Francine Fang was deputy head of Steve Cohen's quant fund Cubist Investment Strategies, LLC, and is currently the global head of Balyasny's Systematic business. Steven Goldberg, who is the firm's global head of Fixed Income and Macro joined Balyasny from Citadel in 2021, where he was a PM and Partner at Citadel's Global Fixed Income Business.
Gappy Paleologo, who is the global head of Quantitative Research, joined from Hudson River Trading, and previously spent time as the head of Enterprise Risk at Millennium, and as the director of Equities Quantitative Research at Citadel.

ExodusPoint
AUM: $11 billion (March 2025)
Founder: Michael Gelband
Headquarters: New York, New York
Recent Performance: 10.3% YTD through August 2025, 11% in 2024 (after charging 8.4% in pass-through fees)

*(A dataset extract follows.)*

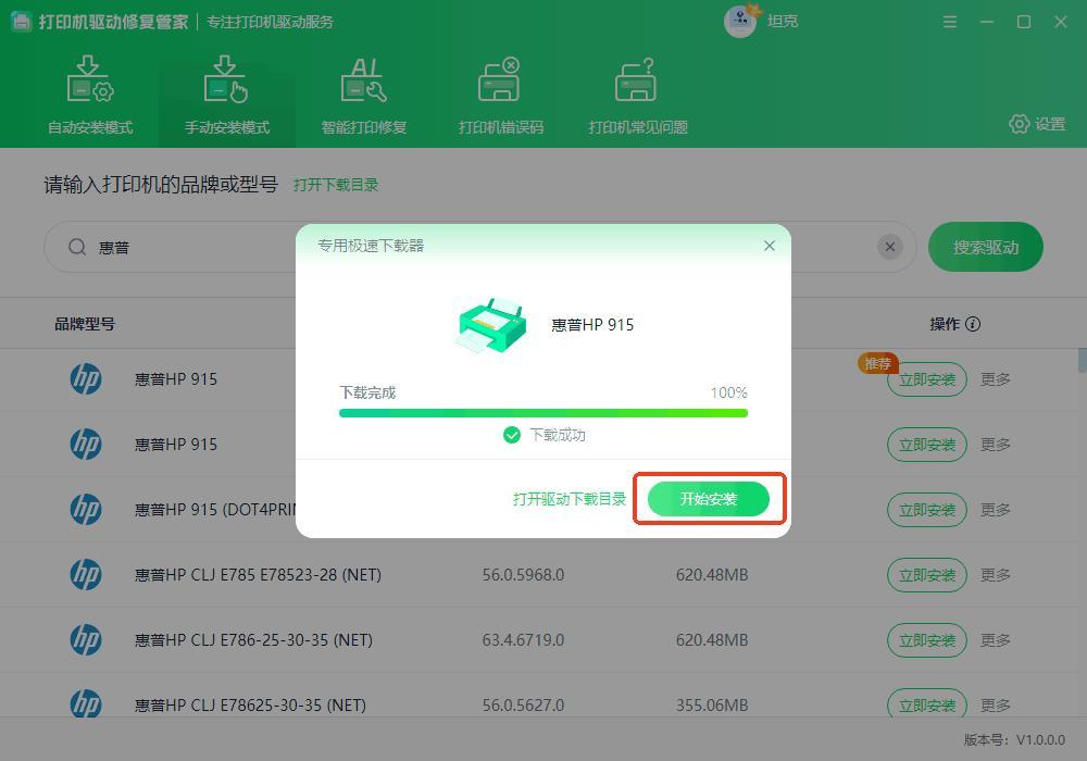 下面就會自動出現對應的驅動型號,找到一個適配的驅動,點擊【立即安裝】,軟件就會自動下載,接着點擊【開始按照】即可快速爲打印機安裝好驅動,非常實用。

Michael Gelband, who was the former Head of Fixed Income at Millennium, founded ExodusPoint in 2017 with Hyung Soon Lee who was the Head of Equities at Millennium.
Other notable employees include Kunal Kumar who is the Chief Risk Officer having joined in 2023 from Balyasny as the Co-Head of Global Macro Risk and Risk Advisory.
In its Equities business, ExodusPoint pursues strategies focused on Fundamental research, Statistical Arbitrage & Systematic (diversified systematic strategies that operate across asset classes, as well as mid-frequency statistical arbitrage strategies) and Quantitative Arbitrage (captures anomalies due to passive market flows including index rebalancing and opportunities resulting from hard catalyst events such as IPOs, spin-offs, and share class arbitrage).
In Fixed Income, the fund's strategies focus on Rates (bond, swap and futures markets), Credit (fundamental long/short, credit index and options), and Emerging Markets & Macro.

Summary
Large hedge funds have embraced the "pod shop" model, where sometimes hundreds of portfolio managers effectively operate independent business units under the broader firm. These pods run their own P&L while benefitting from the infrastructure, resources, and risk management of the larger firm. These firms have also been the training grounds for many influential investors that have gone on to hold executive positions in other firms, or start their own ventures.